* **DATASET EXTRACT**:
━━━━━━━━━━━━━━━━━━━━
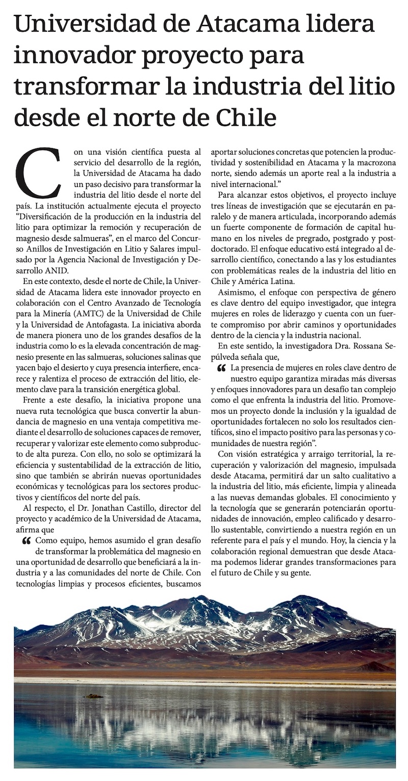 Universidad de Atacama lidera innovador proyecto para transformar la industria del Litio desde el Norte de Chile - (madero.cl)
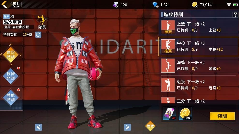 除了專屬技能、特性技能、爆發技能之外,也可以透過特訓的方式,個別強化進攻、技術、體能,比我的小前鋒楓來說,我就選擇了中投、運球、跑動這三個能力,是比較符合我喜歡跑動打機動的玩法,當然也是可以選擇強化三分或是灌籃讓玩法變得更多元。
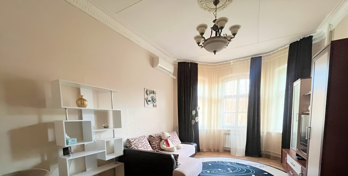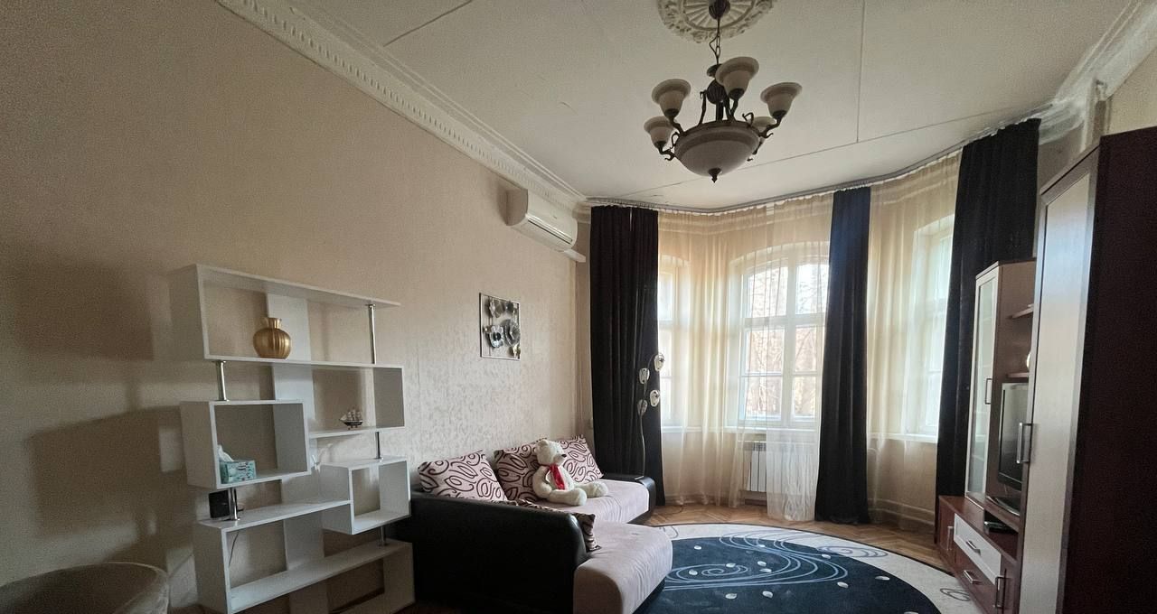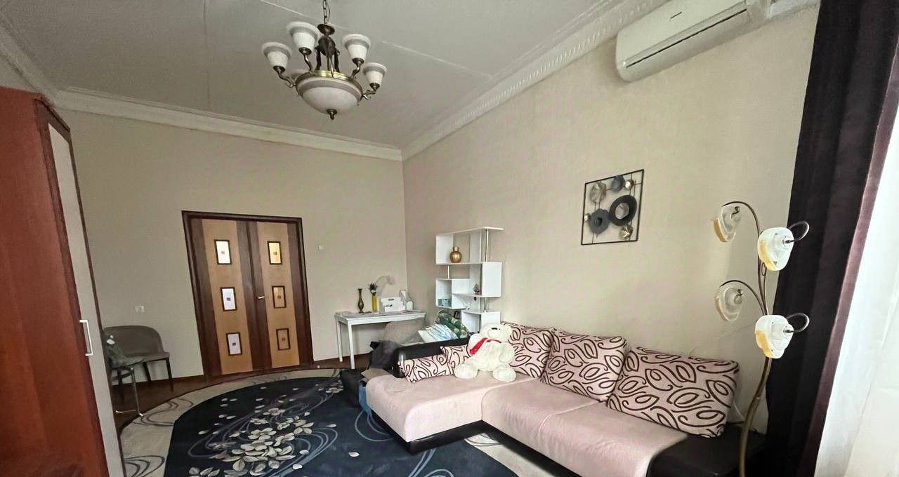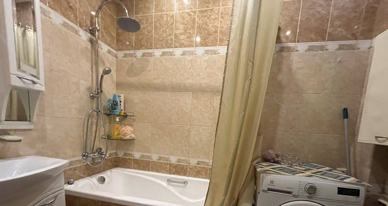 В квартире есть всё необходимое для комфортного проживания: современная мебель и техника, включая кондиционер, холодильник, телевизор и стиральную машину. Окна выходят во двор, поэтому в квартире всегда тихо и уютно. Санузел раздельный, что особенно удобно для семьи.
━━━━━━━━━━━━━━━━━━━━
Repeat the listing above word for word and leave its images out.

* **WRITTEN REPLY**:
 Universidad de Atacama lidera innovador proyecto para transformar la industria del Litio desde el Norte de Chile - (madero.cl)
 除了專屬技能、特性技能、爆發技能之外,也可以透過特訓的方式,個別強化進攻、技術、體能,比我的小前鋒楓來說,我就選擇了中投、運球、跑動這三個能力,是比較符合我喜歡跑動打機動的玩法,當然也是可以選擇強化三分或是灌籃讓玩法變得更多元。
 В квартире есть всё необходимое для комфортного проживания: современная мебель и техника, включая кондиционер, холодильник, телевизор и стиральную машину. Окна выходят во двор, поэтому в квартире всегда тихо и уютно. Санузел раздельный, что особенно удобно для семьи.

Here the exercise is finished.